One of the most moving interactions is at the Grand Mosque of Paris with radicalization consultant Mohammed Chirani, who works with arrested terrorists. “Religion is the pretext,” he says. “There’s the ideology and there’s the religion. If ideology wants to gain power, it clothes itself with religion, with the sacred, and says, ‘Everything you’re doing, if you murder, or if you commit terrorist attacks, it’s a jihad, an honorable action. You do it in the name of G-d so you can go to paradise.’ So it’s a perversion. They need to deconstruct to separate ideology from religion and act on their spirituality.”
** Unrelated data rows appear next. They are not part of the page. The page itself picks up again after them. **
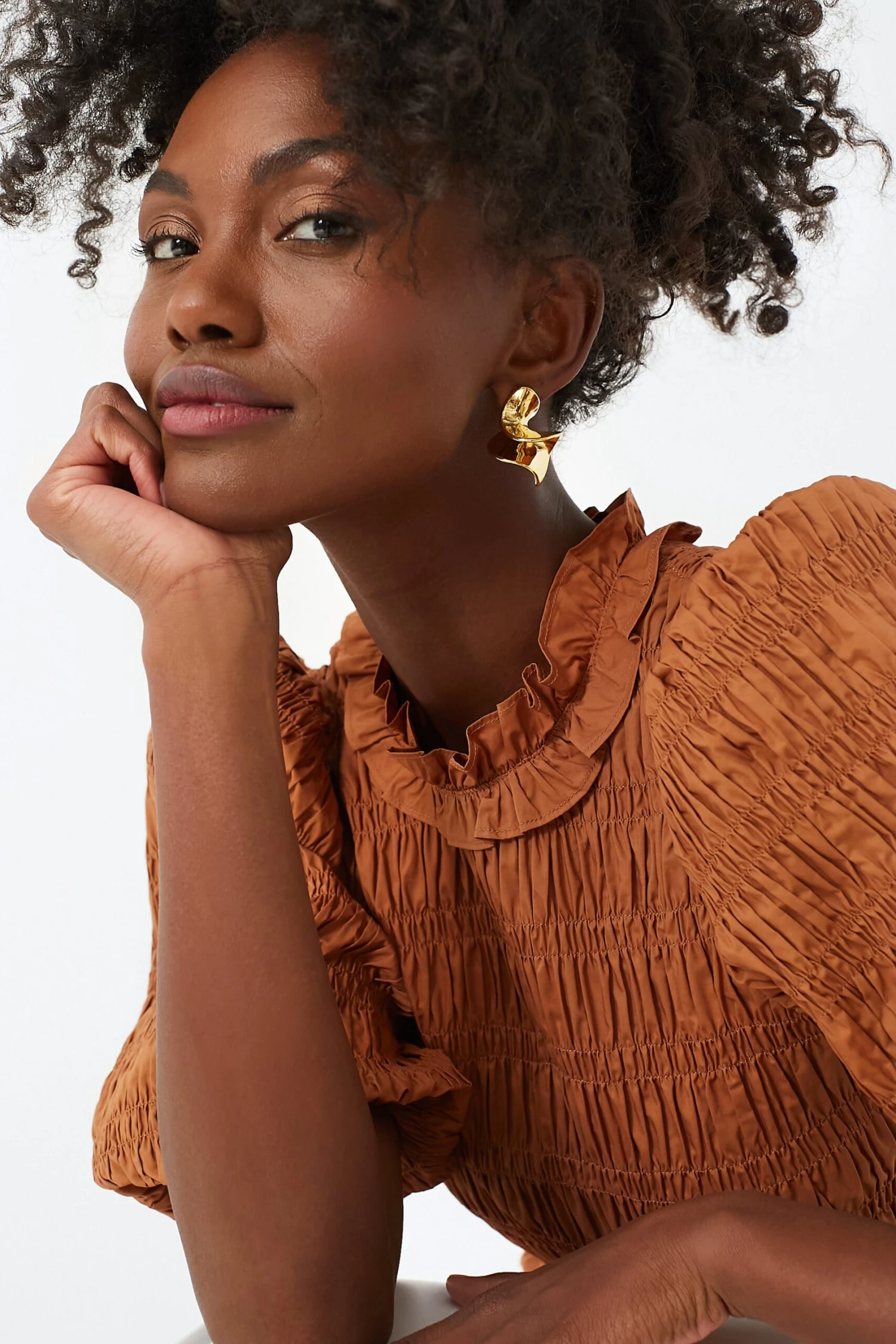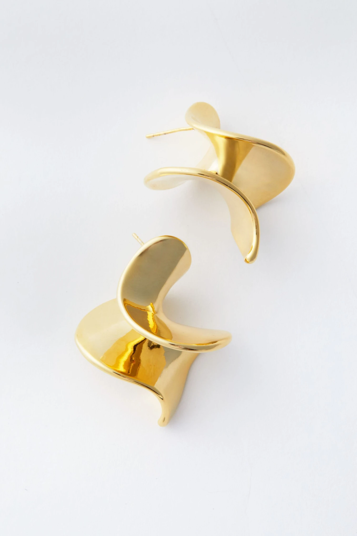 The Solana Earrings deliver a gorgeous swirling drop silhouette in a sunny golden hue to brighten any ensemble. Complete with a comfortable post back closure to ensure all-day wearability and comfort, these beauties are versatile and timeless! Perfect for everything from desk to drinks, we are styling these with LBDs, power suits, button-downs, and more!Â
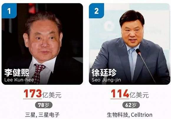 过去,谈及韩国富豪,免不了说起三星、现代、LG、SK等大财阀,尽管他们依旧在榜,但一些财阀如现代、LG、SK等影响力渐渐由盛转为衰微。而像从事生物技术的徐廷珍(Seo Jung-jin)成为今年榜单的最大赢家,一年财富飙涨了40亿美元。此前,有消息说他家的企业开始对新冠肺炎的疗法进行人体试验。总之,新经济、新业态的出现,对韩国财富格局也产生了深刻影响,这是个大趋势。
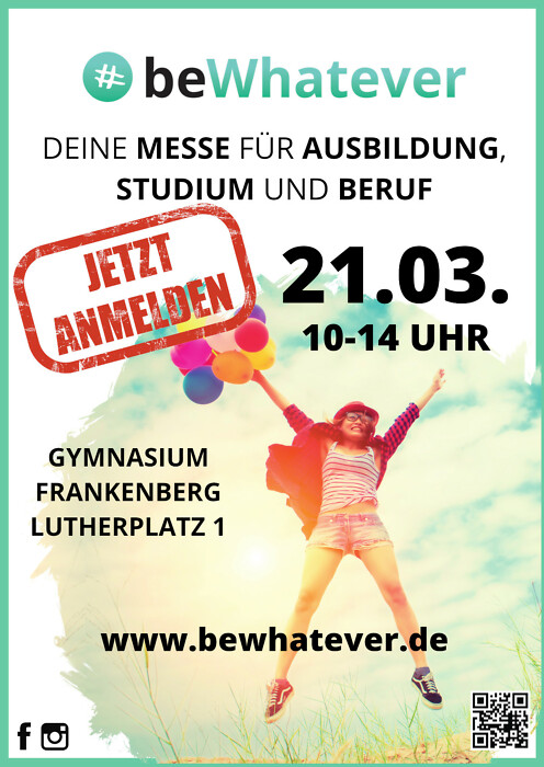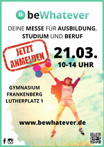 Für die am 21.03.2026 im Martin-Luther-Gymnasium stattfindende #beWhatever - Deine Messe für Ausbildung, Studium und Beruf, organisiert vom Bildungsverein Frankenberg/Sa. e.V. wurde die Anmeldung unter https://www.bewhatever.de freigeschalten. Die Veranstaltung ist eine der größten ihrer Art in der Umgebung mit mehr als 100 Teilnehmern.
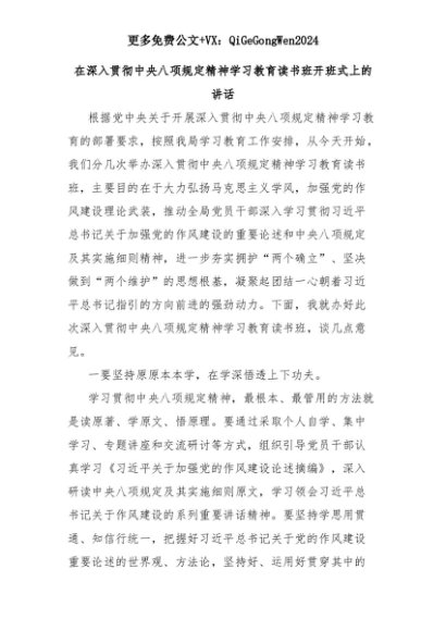【七哥公文】2025年:在深入贯彻中央八项规定精神学习教育读书班开班式上的讲话+更多免费公文+VX:QiGeGongWen2024+更多免费公文+VX:QiGeGongWen2024
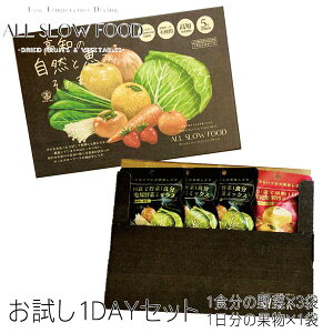 乾燥野菜、果物がそれぞれ1日分入ったセット商品。 可愛いデザインのポスト投函用BOXにてお届け。 オールスローフードの防災食のコンセプト 「保存しておきたくない保存食」ついつい食べてしまう美味しく便利なものを。 便利で衛生的な
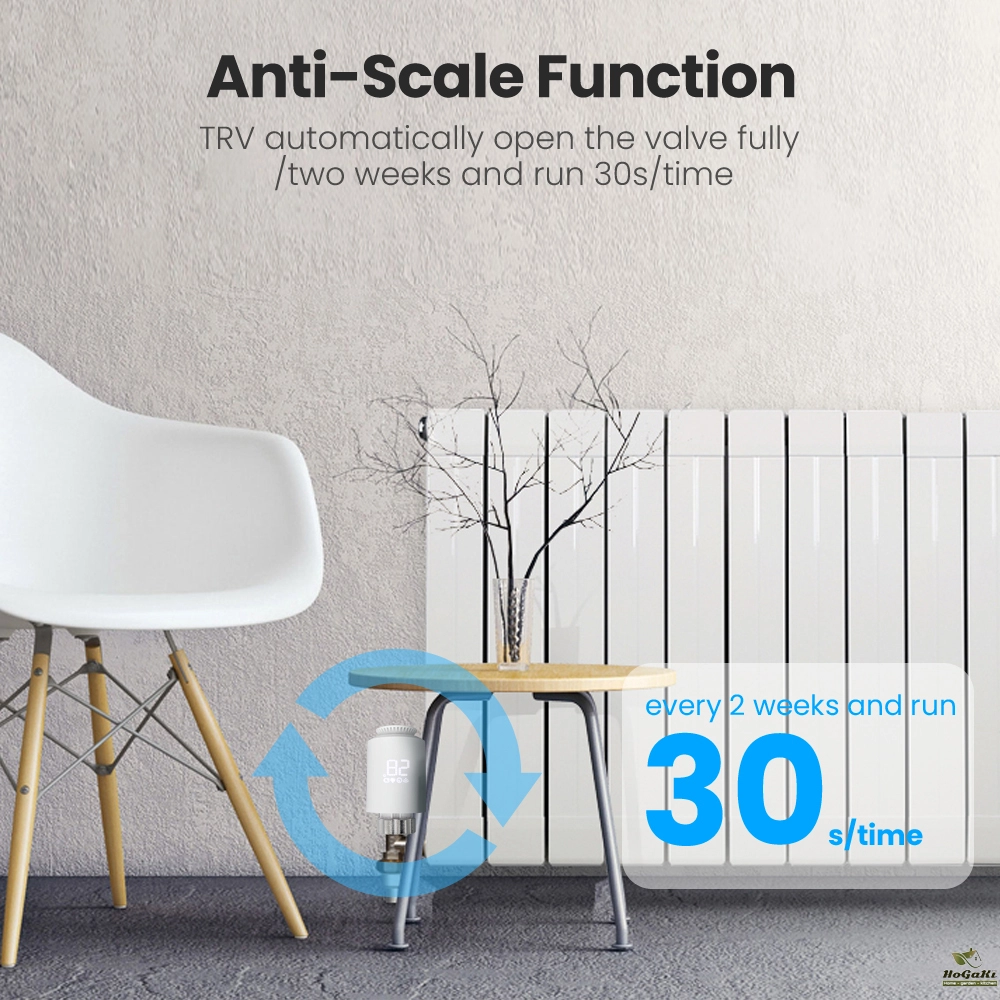 【Anti-Scale Function】-TRV automatically open the valve fully /two weeks and run 30s/time
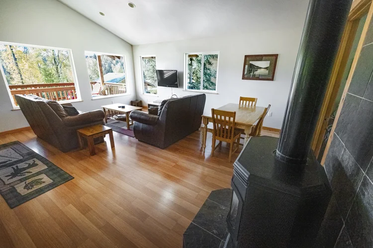 The Edgewater Two Kenai River fishing cabin is by far our largest and most well-appointed cabin. It features a large, covered deck and has a filtered view of the Kenai River.
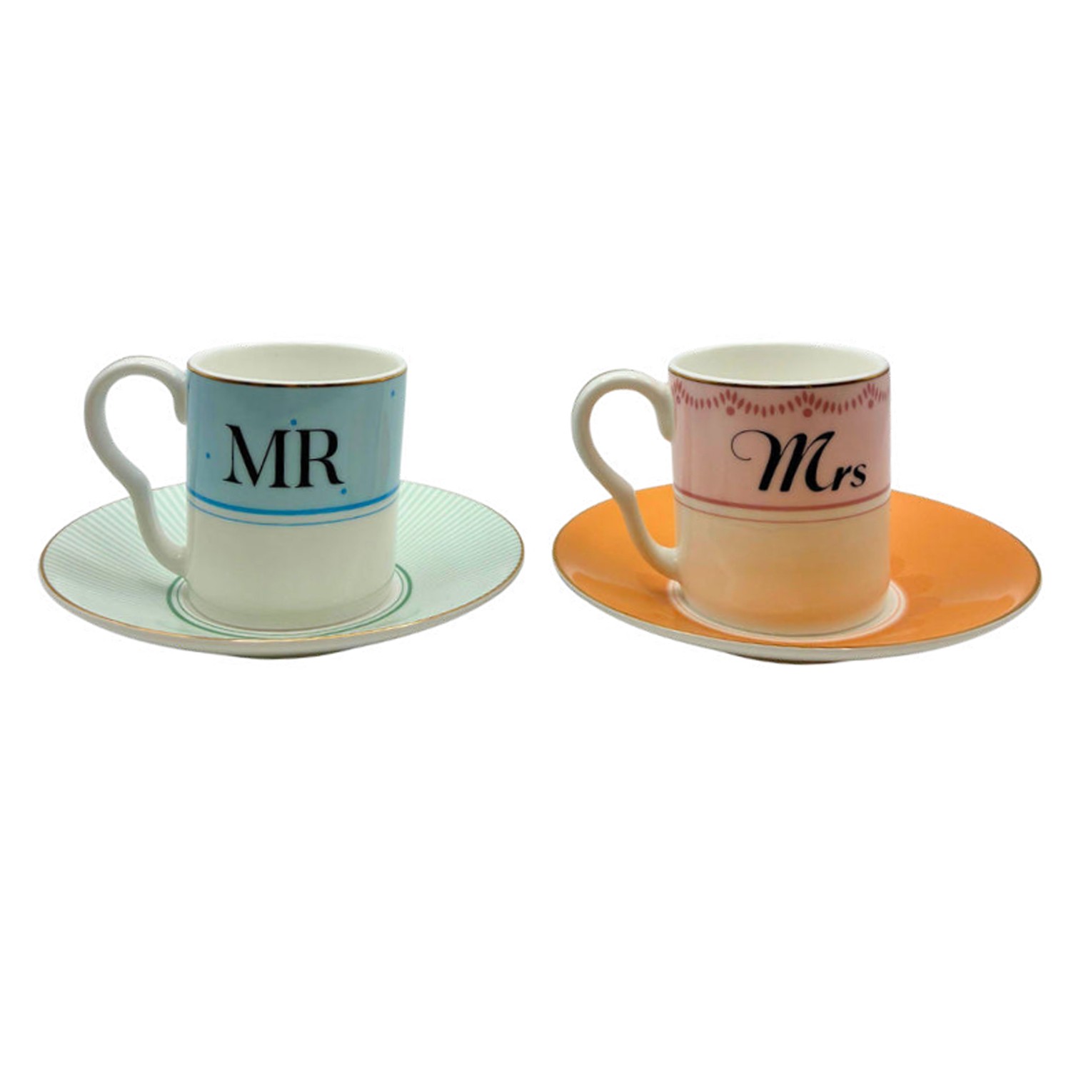 Set 2 tazzine da caffè in porcellana Mr & Mrs con piattino

Jack Baxter and Joshua Faudem stand near the Hungary border fence in The Last Sermon

Baxter doesn’t believe that the terrorists can, or should, be saved, that they are blatant murderers who cannot be reformed. Chriani responds, “For me, radicalization is a combination of ideology, which is the manipulation of religion, due to a breach inside the individual, a failure of meaning and identity. Who am I? Where do I come from? Where am I going? . . . They have a right to redemption.” Baxter is not so sure. It’s the turning point of the documentary, as Baxter starts getting visibly angrier the rest of the way. “Who am I? Where do I come from? Where am I going? . . . They have a right to redemption” are, of course, also the questions Baxter must answer for himself.

Winner of the Best Documentary Feature and the Truth Seeker Award at the 2020 Queens World Film Festival, The Last Sermon is an intimately powerful, beautifully photographed exploration of radicalization, bigotry, hate, PTSD, and humankind’s basic desire for peace but intrinsic propensity to fight. It takes us inside one man’s very personal journey, baring his raw, exposed emotions as he tries to find resolutions that might never be able to satisfy the gaping void in his life, something we can all understand. It’s often painful to watch, but it’s also necessary, especially in these dark times. Shalom. Peace. سلام.